Finalizo aqui este já longo intróito das várias posições assumidas pelos relativistas e das principais razões pelas quais devem ser declinadas (7). No último artigo veremos as razões que nos indicam que o perspectivismo também não é solução. Depois, se conseguirmos mostrar que não há razões para abandonar as ideias de Verdade e de Conhecimento, mostraremos por que é insensato duvidar da utilidade da filosofia enquanto forma de os alcançar.

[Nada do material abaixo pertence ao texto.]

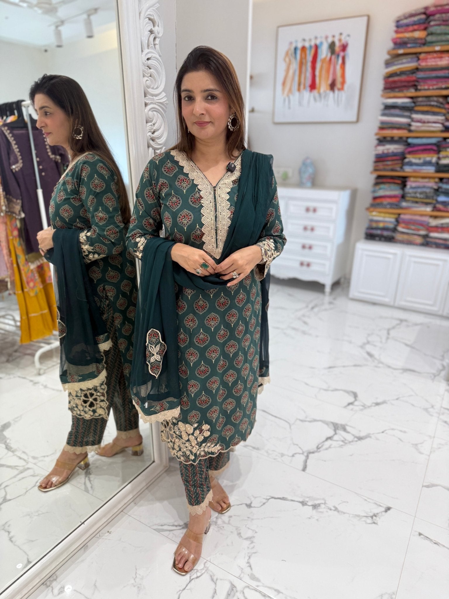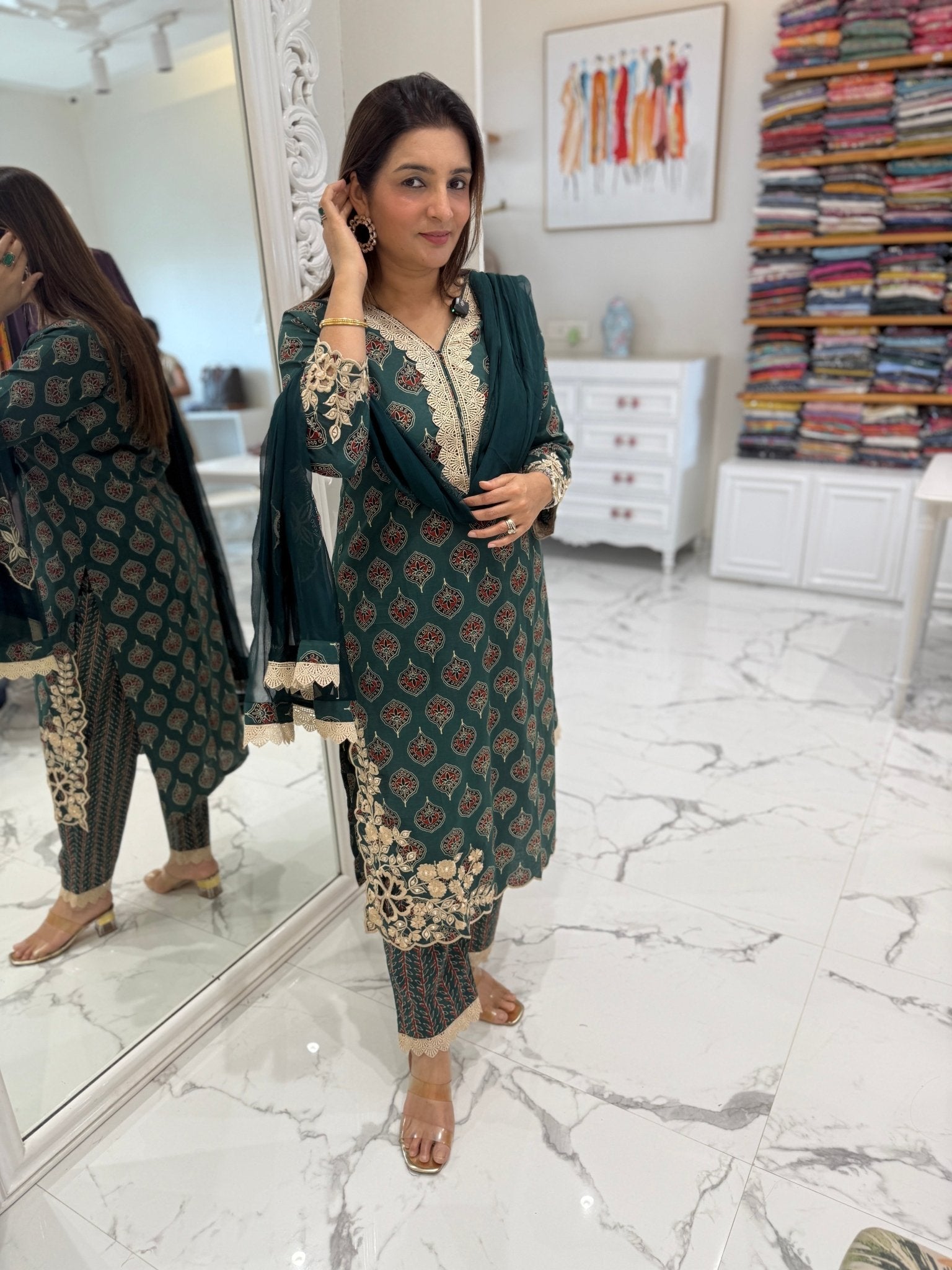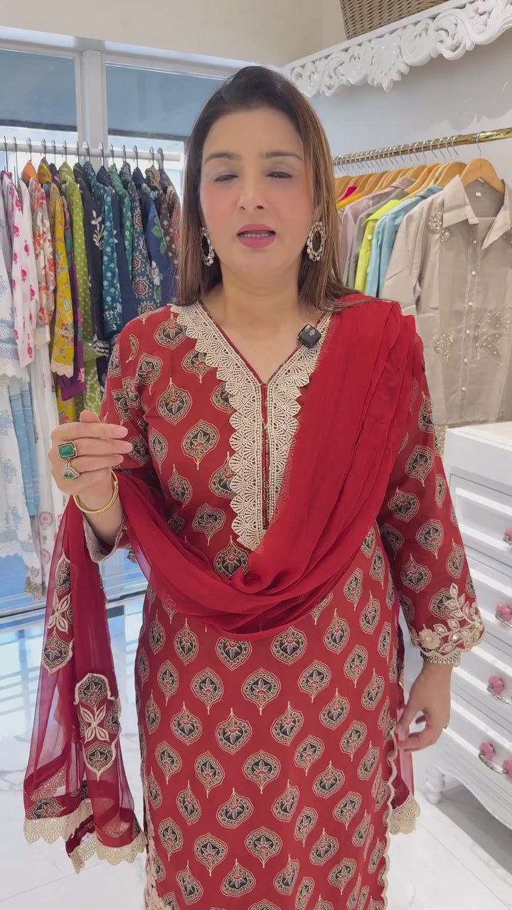 Elegant mul cotton suit set featuring a kalamkari-printed kurta with delicate embroidery and cutwork sleeves, paired with matching pants and a soft chiffon dupatta with patchwork detailing.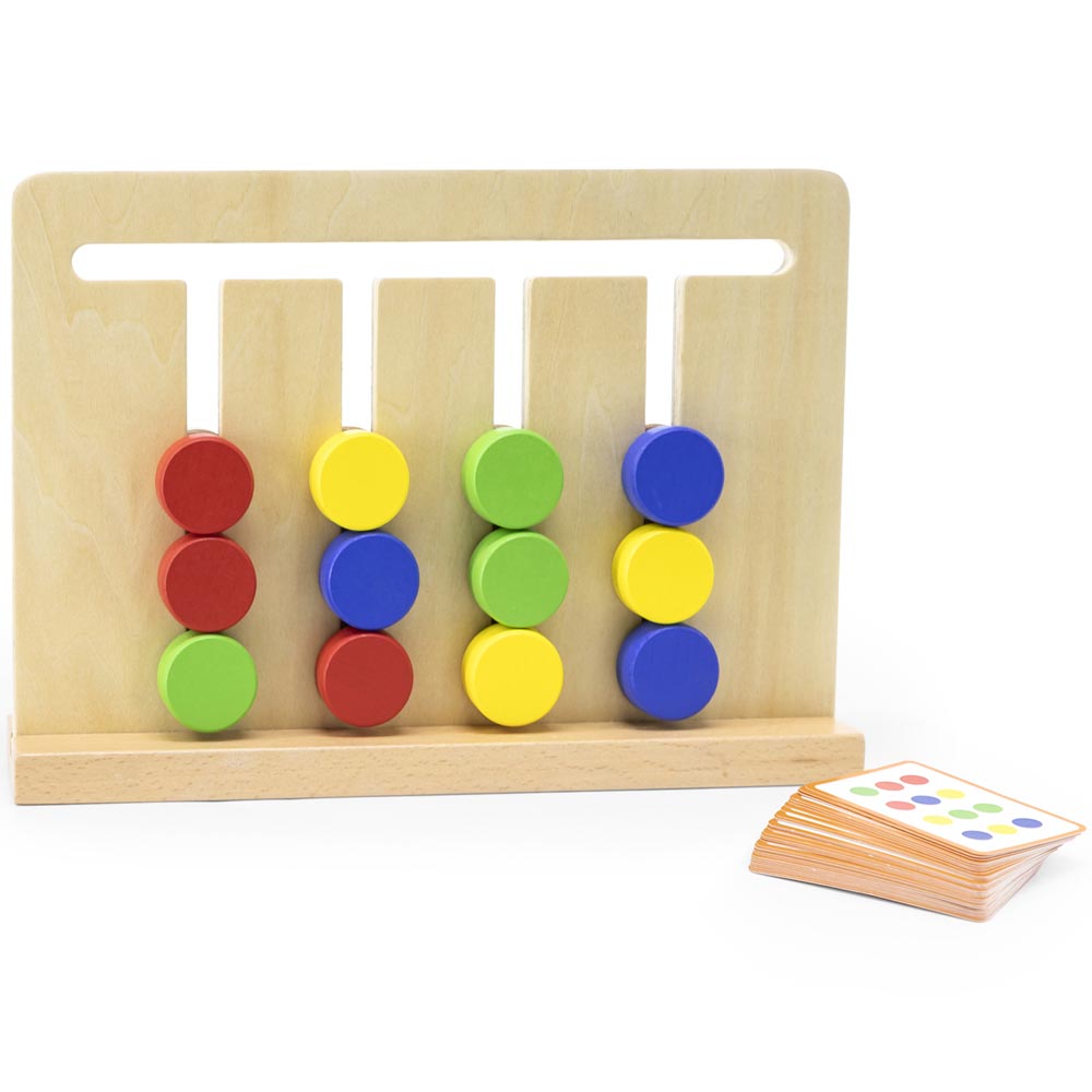 Divertido juego de doble lado diseñado para el aprendizaje de colores, formas y patrones de una forma muy entretenida. Este juego educativo es ideal para que los más pequeños aprendan utilizando uno de los lados algunos colores y con el otro lado colores y formas geométricas. Incluye tarjetas con diferentes patrones que los niños y niñas deben replicar en el tablero desarrollando así el pensamiento lógico, las habilidades motoras finas, la observación y la concentración. Fabricado en material suave y resistente con colores vivos. Incluye 16 tarjetas con patrones impresos por ambos lados.

Mas… vamos com calma. Ainda faltam uns passos importantes.

Luís Rodrigues

--------------------

Notas

1) Em conversa com o meu amigo e colega Diogo Santos, foi-me por ele sugerido que há diversas subdivisões de relativismo aplicadas a diversas áreas, em especial a Ética, a Moral e a Política. O que eu quero aqui definir não são as áreas específicas, a que respeitam certas proposições também específicas, que o relativista pretende relativizar ou cuja relatividade deseja discutir, aplicar ou afirmar. O que eu vou aqui discutir é a posição epistemológica das diversas formas de relativismo. Portanto, não vou discutir se um argumento contra o aborto é visto como verdadeiro ou plausível relativamente a um contexto mas visto como falso ou implausível noutro. Longe disso, o que vou discutir é a possibilidade do próprio relativismo ser uma teoria plausível ou, no mínimo, auto-sustentada e auto-sutentável. Sobre o extenso assunto do relativismo, consultar esta excelente página.

2) Cf , Dancy J, Epistemologia Contemporânea , ed 70, Lisboa, 1985, p. 33 ss.

3) Fica uma próxima ocasião os argumentos que nos levam a acreditar que a bivalência com respeito à verdade é preferível a outras soluções. De salientar apenas que, curiosamente ou talvez não, as argumentações que sustentam as “outras posições” fazem-no usando de permeio a própria bivalência para se sustentarem, o que não deixa de ser uma dependência daquilo que desejam anular ou contrariar.

4) Há quem defenda que é uma forma domesticada do relativismo. Ver T. Williamson, - Knowledge, Context, and the Agent´s Point of View

5) Sobre isto ver, Feyerabend, P, Adeus à Razão , Edições 70, Lisboa (cap. 1 e 12); e, Thomas Nagel, A Última Palavra , Gradiva, Lisboa, 1999.

6) Cujo representante por excelência é Richard Rorty. Ver, A Filosofia e o Espelho da Natureza , Princeton, 1979., onde o filósofo se apoia nos problemas derivados do Mito do Dado, (Sellars), numa concepção pragmatista da verdade e do conhecimento (James) e no atomismo semântico de Wittgenstein para construir uma pseudo refutação da filosofia cartesiana; que, como é sabido, tem um carácter internalista e fundacionalista. Se Rorty está certo, então a sua própria teoria é apenas mais uma cuja verdade “directa” não podemos garantir. Mas se é assim, porquê dar-lhe importância? Por ser plausível, talvez? Bom, mas para que algo seja plausível tem que haver algo que é o caso, a saber, aquilo que sustenta a afirmação de plausibilidade. Voltamos ao mesmo, não é? É melhor ele estar calado para não entrar em contradição.

7) Quem quiser desenvolver o assunto, pode ler este excelente artigo de Simon Blackburn.